> [INFORMATION GIVEN]:
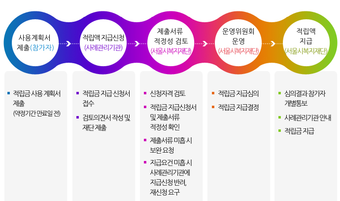 지급액은 다음과 같이 참가자가 사용계획서를 제출해서 적립액 지급신청을 하면 서울시 복지재단에서 서류를 검토하고 운영위원회에서 적립금을 지급할지에 대해 심의를 걸쳐 결정을 하게 됩니다. 그리고 나서 참가자에게 지급액이 지급되게 됩니다.
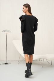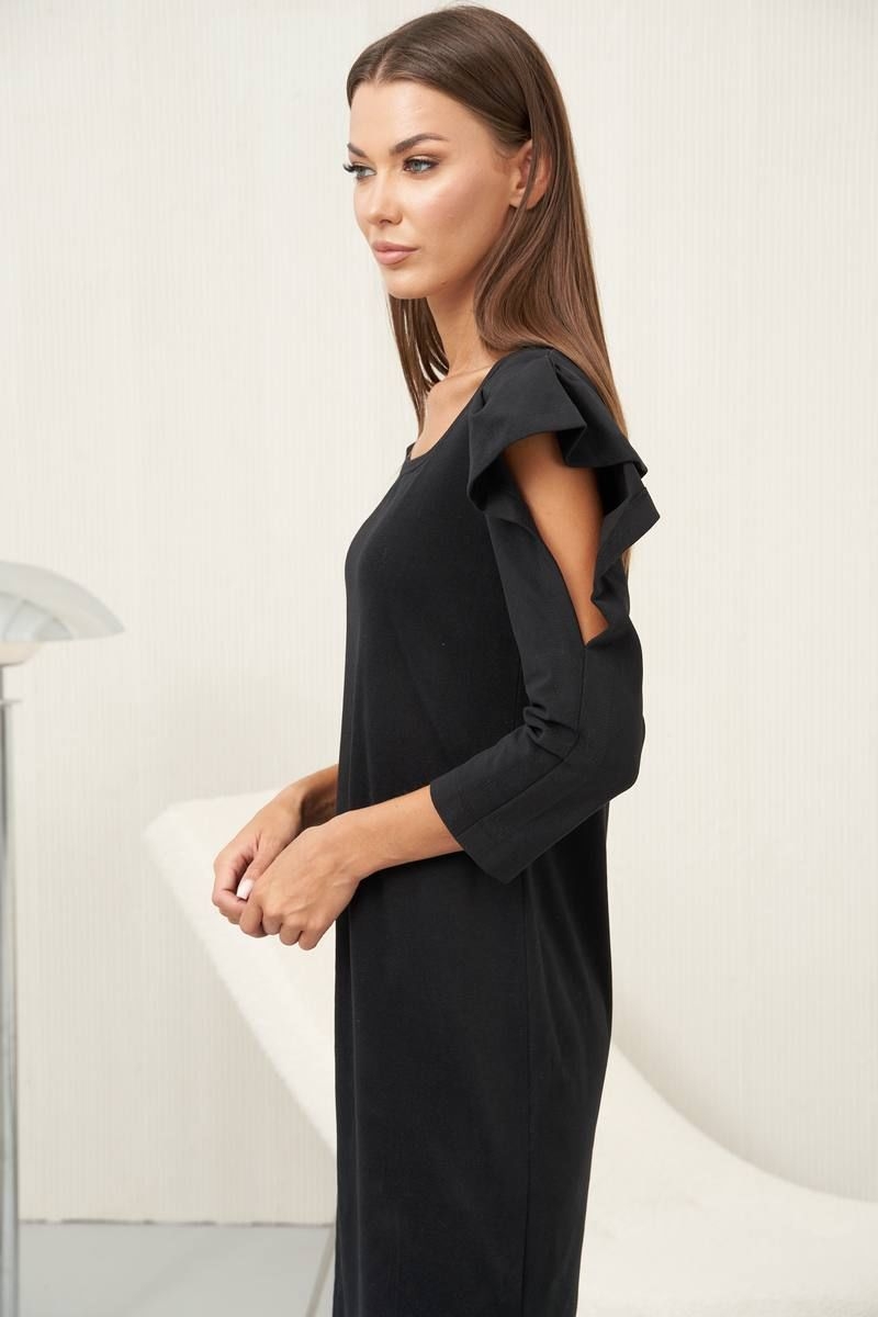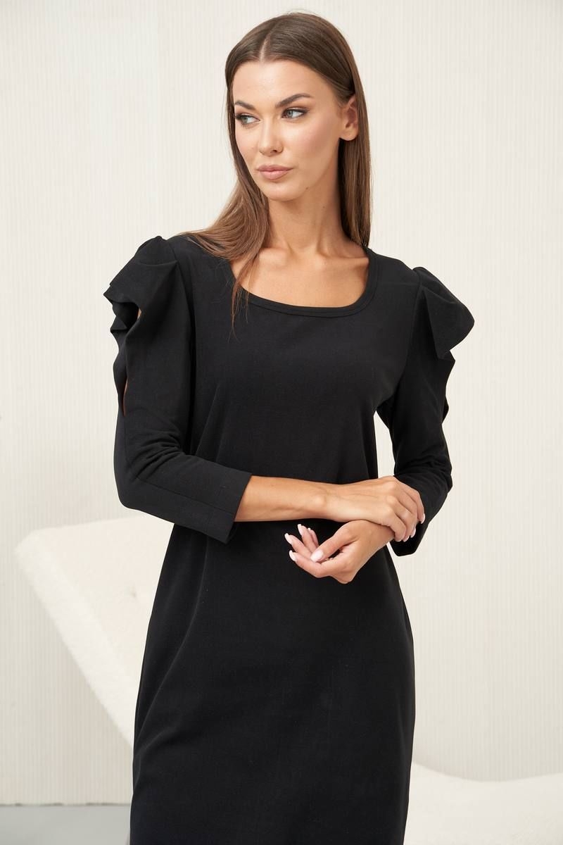 Платье - предмет номер один в нашем гардеробе. Мы любим их за универсальность, ведь это 80% всего нашего образа. Невероятно комфортное, из мягкого супер-эластичного трикотажного полотна с легким эффектом замша в классическом черном цвете. О чем еще может мечтать любая из нас. Свободный упрямленный покрой, рукав необычной формы со складками и интригующей каплей в верхней части длиной 3/4. Вырез каре со слегка скругленными углами. Длина рукава около 42 см. Длина платья коло 102 см.
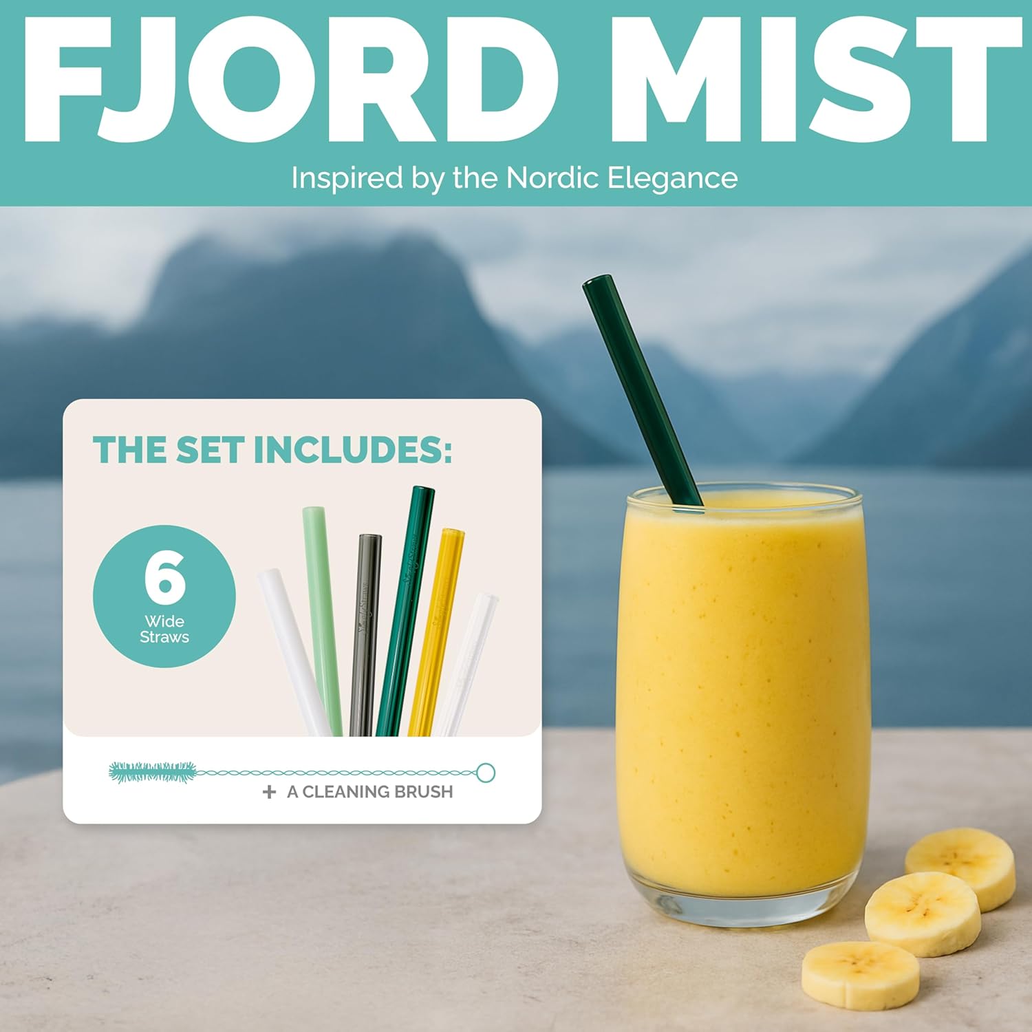 Simply Straws Wide Glass Straws (6-Pack) - 10in x 12mm Reusable Glass Smoothie Straws for Milkshakes, Juices & Slushies, with Cleaning Brush - Dishwasher Safe, Hot & Cold Use, BPA-Free (Fjord Mist)
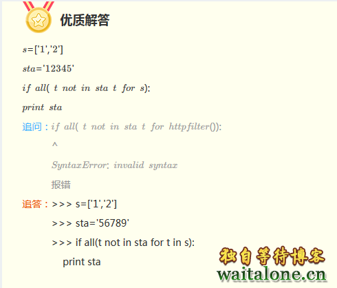 #!/usr/bin/env python # -*- coding: gbk -*- # -*- coding: utf_8 -*- # Date: 2016/5/13 # Created by 独自等待 # 博客 http://www.waitalone.cn/ filters = ['招聘', '诚聘', '社招'] contents = [ '独自等待安全团队诚聘, https://www.jb51.net/', '独自等待安全团队招聘, https://www.jb51.net/', '独自等待安全团队社招, https://www.jb51.net/', '独自等待信息安全博客, https://www.jb51.net/', ] for content in contents: if any(keyword in content for keyword in filters): continue print content
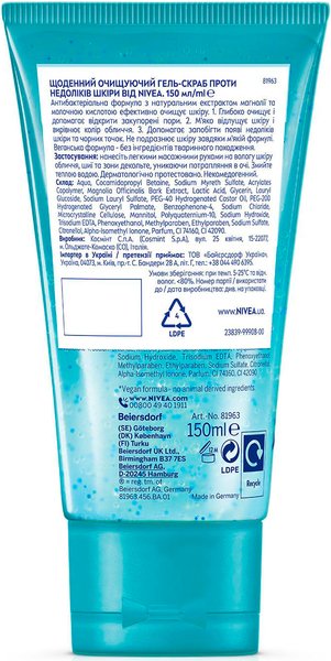 Схожі товари Щоденний гель-скраб для вмивання Nivea Очищення пор 150мл
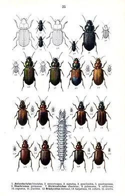 - Lorenz, W. 2018. CarabCat: Global database of ground beetles (version Oct 2017). In: Roskov Y., Abucay L., Orrell T., Nicolson D., Bailly N., Kirk P.M., Bourgoin T., DeWalt R.E., Decock W., De Wever A., Nieukerken E. van, Zarucchi J., Penev L., eds. 2018. Species 2000 & ITIS Catalogue of Life, 20th December 2017. Digital resource at www.catalogueoflife.org/col. Species 2000: Naturalis, Leiden, the Netherlands. ISSN 2405-8858. Reference page. [accessed on January 19, 2018]
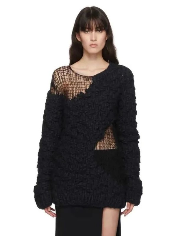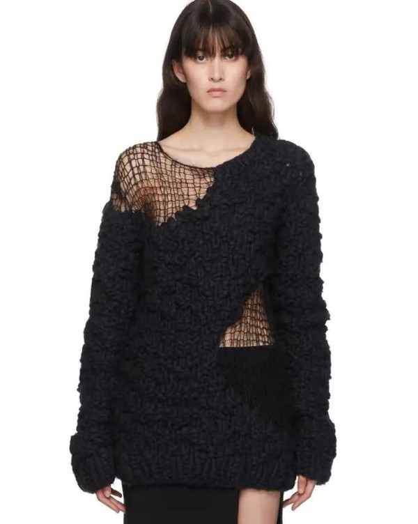Ann Demeulemeester的这一款纱线拼接毛衣也十分惊艳,肩部和腰部以细纱线镂空,与编织毛衣形成强烈对比,带着一丝危险哥特的气息。
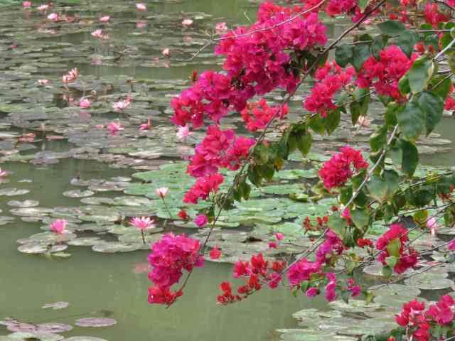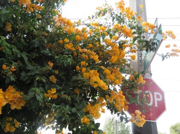 Oh my! I could not help but laugh. I thought I was the only one who was not impressed by them. Such rich color is so much better with a simple green backdrop. However, I have seen some that look quite appealing. Their wimpiness is one of their advantages. They really do not get too big, . . . although it seems to me that big bougainvilleas are the best. Well, anyway, I saw a few of these small variegated bougainvilleas seemingly crucified against trunks of Mexican fan palms near Los Angeles and looking . . . well, . . . colorful, without all the bulk. I would not want to do anything of the sort here. They really perform better with warmer weather. In this climate, they really do look much shabbier than other bougainvilleas. Yellow and orange bougainvilleas also do not look as pretty here as they do in Southern California. Their foliage is not so rich green, which is not a good backdrop for their bloom. Bougainvilleas with double bloom also look shabby here because they retain their deteriorating bloom.
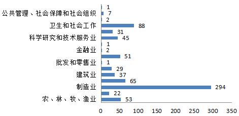 2022年江苏科技成果应用行业涉及17个方面,农、林、牧、渔业53项,采矿业22项,制造业294项,电力、热力、燃气及水的生产和供应业65项,建筑业37项,批发与零售业1项,交通运输、仓储和邮政业29项,信息传输、软件和信息技术服务业51项,金融业2项,房地产业1项,科学研究和技术服务业45项,水利、环境和公共设施管理业31项,教育2项,卫生和社会工作88项,文化、体育和娱乐业2项,公共管理、社会保障和社会组织7项,国际组织1项。

> [EXERCISE INSTRUCTIONS]: What you output must match the data exactly, apart from the pictures, which are left out.

> [WRITTEN SOLUTION]:
 지급액은 다음과 같이 참가자가 사용계획서를 제출해서 적립액 지급신청을 하면 서울시 복지재단에서 서류를 검토하고 운영위원회에서 적립금을 지급할지에 대해 심의를 걸쳐 결정을 하게 됩니다. 그리고 나서 참가자에게 지급액이 지급되게 됩니다.
 Платье - предмет номер один в нашем гардеробе. Мы любим их за универсальность, ведь это 80% всего нашего образа. Невероятно комфортное, из мягкого супер-эластичного трикотажного полотна с легким эффектом замша в классическом черном цвете. О чем еще может мечтать любая из нас. Свободный упрямленный покрой, рукав необычной формы со складками и интригующей каплей в верхней части длиной 3/4. Вырез каре со слегка скругленными углами. Длина рукава около 42 см. Длина платья коло 102 см.
 Simply Straws Wide Glass Straws (6-Pack) - 10in x 12mm Reusable Glass Smoothie Straws for Milkshakes, Juices & Slushies, with Cleaning Brush - Dishwasher Safe, Hot & Cold Use, BPA-Free (Fjord Mist)
 #!/usr/bin/env python # -*- coding: gbk -*- # -*- coding: utf_8 -*- # Date: 2016/5/13 # Created by 独自等待 # 博客 http://www.waitalone.cn/ filters = ['招聘', '诚聘', '社招'] contents = [ '独自等待安全团队诚聘, https://www.jb51.net/', '独自等待安全团队招聘, https://www.jb51.net/', '独自等待安全团队社招, https://www.jb51.net/', '独自等待信息安全博客, https://www.jb51.net/', ] for content in contents: if any(keyword in content for keyword in filters): continue print content
 Схожі товари Щоденний гель-скраб для вмивання Nivea Очищення пор 150мл
 - Lorenz, W. 2018. CarabCat: Global database of ground beetles (version Oct 2017). In: Roskov Y., Abucay L., Orrell T., Nicolson D., Bailly N., Kirk P.M., Bourgoin T., DeWalt R.E., Decock W., De Wever A., Nieukerken E. van, Zarucchi J., Penev L., eds. 2018. Species 2000 & ITIS Catalogue of Life, 20th December 2017. Digital resource at www.catalogueoflife.org/col. Species 2000: Naturalis, Leiden, the Netherlands. ISSN 2405-8858. Reference page. [accessed on January 19, 2018]
Ann Demeulemeester的这一款纱线拼接毛衣也十分惊艳,肩部和腰部以细纱线镂空,与编织毛衣形成强烈对比,带着一丝危险哥特的气息。
 Oh my! I could not help but laugh. I thought I was the only one who was not impressed by them. Such rich color is so much better with a simple green backdrop. However, I have seen some that look quite appealing. Their wimpiness is one of their advantages. They really do not get too big, . . . although it seems to me that big bougainvilleas are the best. Well, anyway, I saw a few of these small variegated bougainvilleas seemingly crucified against trunks of Mexican fan palms near Los Angeles and looking . . . well, . . . colorful, without all the bulk. I would not want to do anything of the sort here. They really perform better with warmer weather. In this climate, they really do look much shabbier than other bougainvilleas. Yellow and orange bougainvilleas also do not look as pretty here as they do in Southern California. Their foliage is not so rich green, which is not a good backdrop for their bloom. Bougainvilleas with double bloom also look shabby here because they retain their deteriorating bloom.
 2022年江苏科技成果应用行业涉及17个方面,农、林、牧、渔业53项,采矿业22项,制造业294项,电力、热力、燃气及水的生产和供应业65项,建筑业37项,批发与零售业1项,交通运输、仓储和邮政业29项,信息传输、软件和信息技术服务业51项,金融业2项,房地产业1项,科学研究和技术服务业45项,水利、环境和公共设施管理业31项,教育2项,卫生和社会工作88项,文化、体育和娱乐业2项,公共管理、社会保障和社会组织7项,国际组织1项。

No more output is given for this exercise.